— Ясно, — кивнула девушка, и Жуковская тоже сделала синхронный кивок — обо всем этом она также слышала впервые.

— Только отслеживать перемещение группы Эрика Лайды — Оксаны Мороз для спецслужб особого труда уже не представляло. Не хочу утомлять тебя, Алиса, совершенно ненужными техническими подробностями, в которых я сама скверно разбираюсь. Но Олейник, который, как он сам думал, предусмотрел все, в действительности совершил одну ошибку, стоившую ему потери пусть не всего бизнеса, однако же его части, в создание которой вкладывались немалые силы и средства.

— Что? — не сдержалась Жуковская и тут же, внезапно, неожиданно для самой себя нашла подходящий ответ: — Они не сменили сервер! Так ведь? Агнешка, я тоже без технического образования, я вообще в прошлом — социальный работник! Но скажи мне, солнышко, скажи: я же права?

— Права, — ответила полячка. — Они считали сервер мелочью. Думали: если переберутся из Щецина в Луцк, из Польши — в Украину, а сервер, на котором размещены их видеосервисы, к тому же — достаточно мощный, продолжат использовать, то их передвижения никто не отследит. Получается, вы начали работать в Луцке примерно с середины января 2009 года, так?

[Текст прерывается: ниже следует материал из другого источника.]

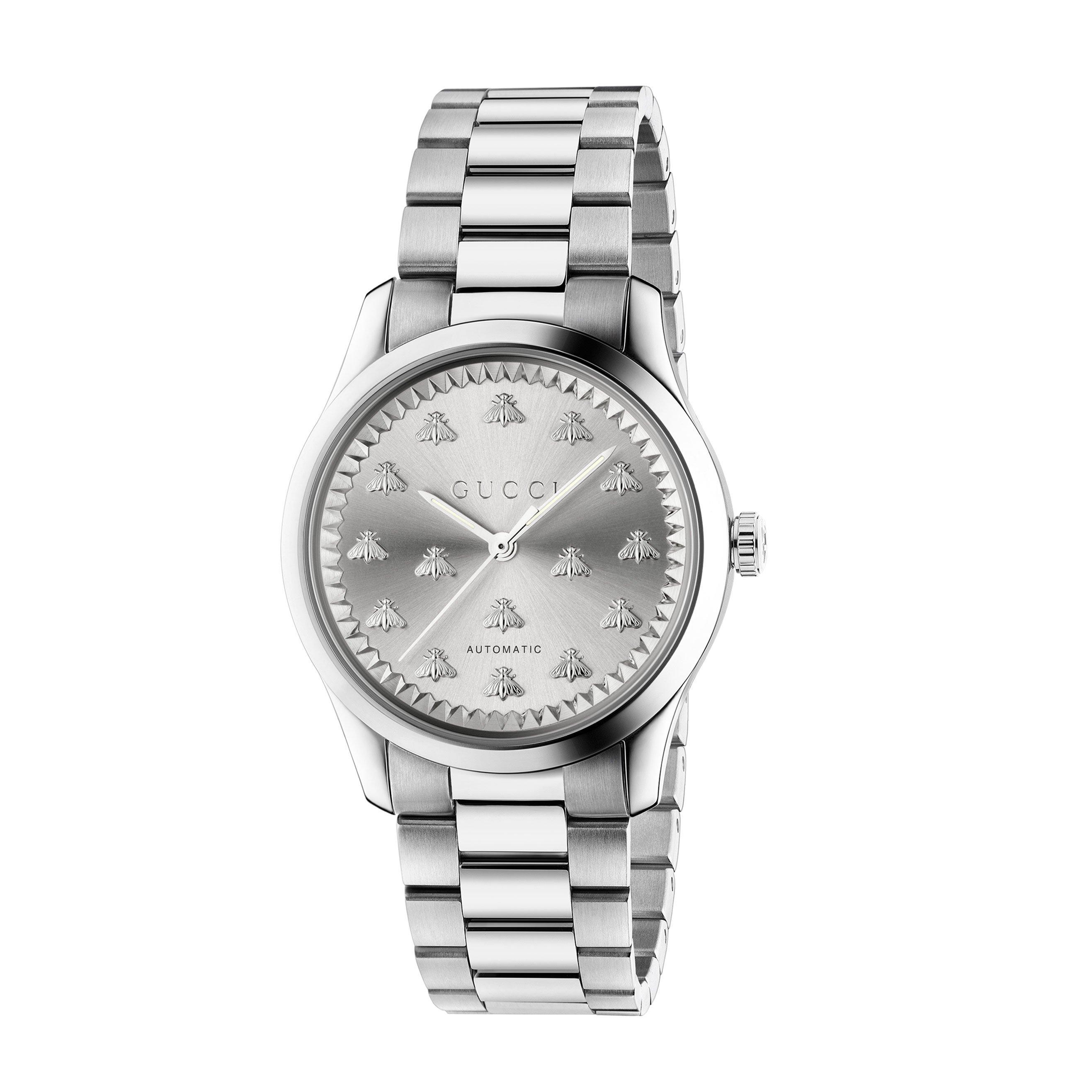 - Silver lacquered dial featuring Gucci bees with stainless steel hands

— Ну да, — подтвердила Алиса.

— Вот, — довольно кивнула Агнешка. — Значит, тогда же снова запустилась вся аппаратура. Появились сигналы, их сразу отследили соответствующие отделы спецслужб. Вот так в сферу их интересов попал ваш замечательный город, Алиса. Еще какое-то время спецслужбы готовили операцию, согласовывали свои действия, и это все, что я знаю. Подробности, возможно, всплывут. И мы дополним ими нашу книгу. Пока же у меня вопрос: ты ничего не ощущала в тот период? Никто не нервничал, все шло как обычно или, может, витало вокруг что-то такое? — Она помахала рукой, изображая в воздухе некий невидимый шарик. — Кольцо ведь сжималось тогда…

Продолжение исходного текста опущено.